The Darlings were often compared with the International Sweethearts of Rhythm, another African American all-girl swing band. The Darlings were darker skinned than the Sweethearts. Toby Butler, a white member of the International Sweethearts of Rhythm, was rumored to have left the band and joined the Darlings in the mid-1940s, when racial segregation made playing in mixed bands illegal. This rumor was confirmed in 1946 when she was arrested while performing in Georgia.

Band members
Members of the Darlings changed over time, and included the following:

History
The Darlings were formed in 1943 in Harlem by African American tenor and baritone saxophonist Lorraine Brown.

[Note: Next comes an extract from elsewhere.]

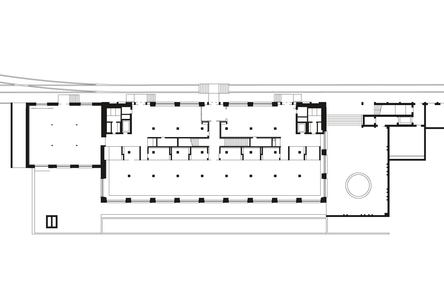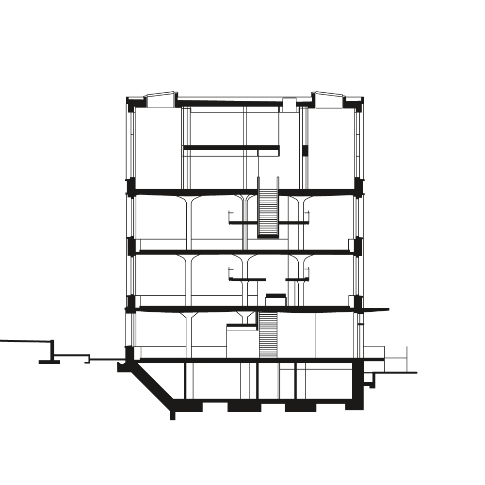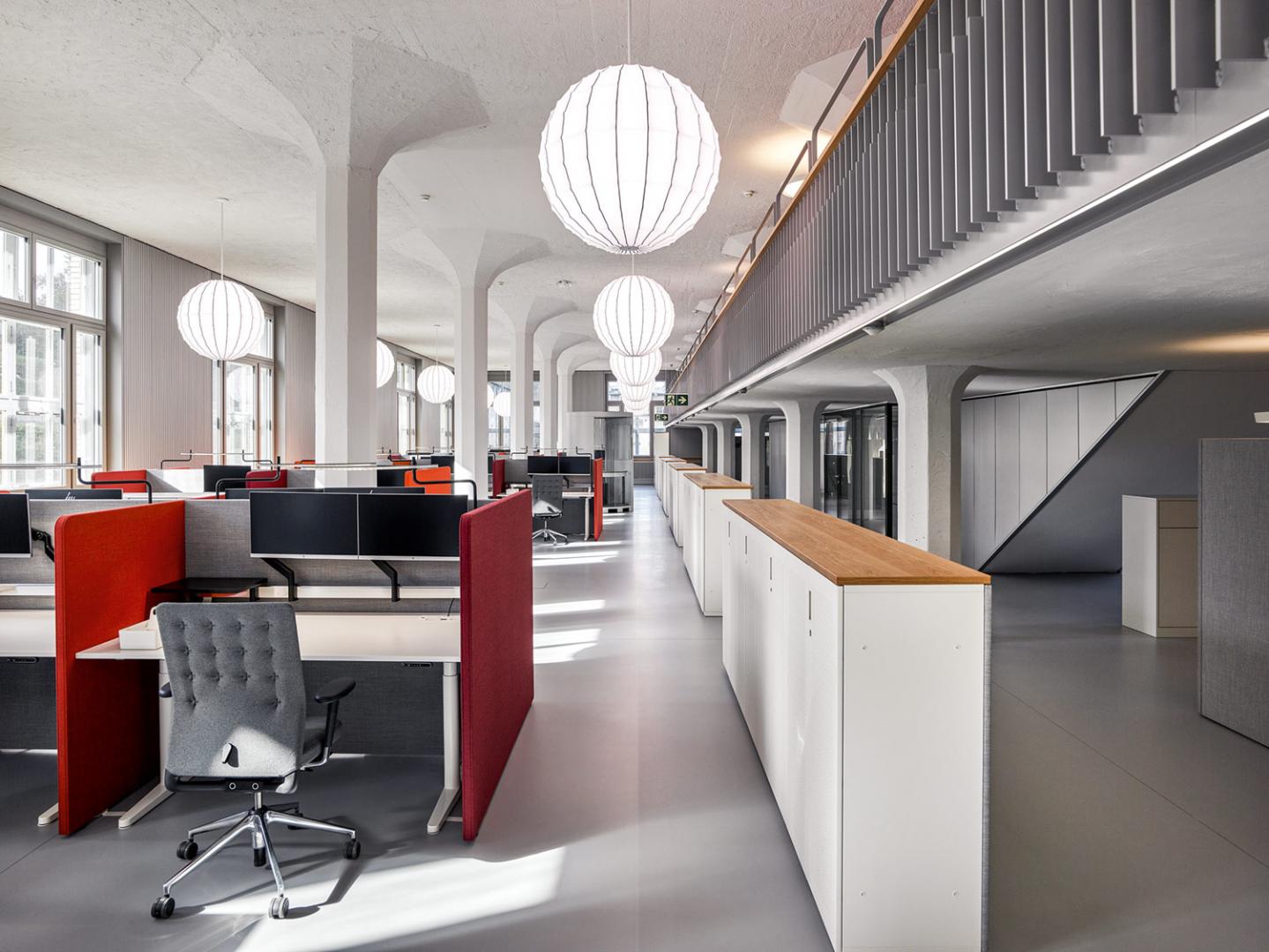 Diese einzigartige Struktur und die Fassaden zu erhalten und zu stärken, war die architektonische Herausforderung für den Umbau und die Aufstockung des Gebäudes für 200 hochinstallierte Arbeitsplätze. Heizung, Lüftung, Kühlung, Kommunikation und Elektro wurden horizontal in einem extra entwickelten Brüstungselement geführt und die komplette vertikale Haustechnik-Erschliessung und Erdbebenaussteifung wurde im Umriss der bestehenden Treppenhauskerne neu erstellt. Die bauphysikalisch notwendige Wärme- und Akustikdämmung wurde über eine innere Verkleidung gewährleistet. So konnten die gesamten Räume technisch auf den neuesten Stand gebracht und trotzdem die Fassade im ursprünglichen Erscheinungsbild erhalten werden. Der prägende Raumeindruck bleibt erhalten. Eigens zusammen mit der Innenarchitektin Verena Frey und Zumtobel Licht AG entwickelte textile Kugelleuchten nehmen Bezug auf die ursprünglichen Leuchten und stärken so anschaulich den hallenähnlichen Raumeindruck. Die Nutzung orientiert sich an der räumlichen Struktur des Gebäudes. In den Hallen sind kompakte Arbeitsplätze in Clusterbüros angeordnet, unter den Galerien die unmittelbar dienenden Strukturen und auf den Galerien die Orte des informellen Kontaktes und Rückzugs. Die zweigeschossige Aufstockung beherbergt die Cafeteria mit Tagungszentrum und die Räume der Geschäftsleitung.

Several of the band members joined the Darlings after leaving other bands. Cooper, Gaddison and Vi Wilson joined the Darlings after leaving the International Sweethearts of Rhythm. Wilson joined the group to be with her cousin, reeds player Gurthalee Clark. Trombonist Jessie Turner and tenor saxophonist Margaret Backstrom left Eddie Durham's All Star Girl Orchestra for the Darlings.

In 1945, drummer Hettie Smith replaced Henrietta Fontaine.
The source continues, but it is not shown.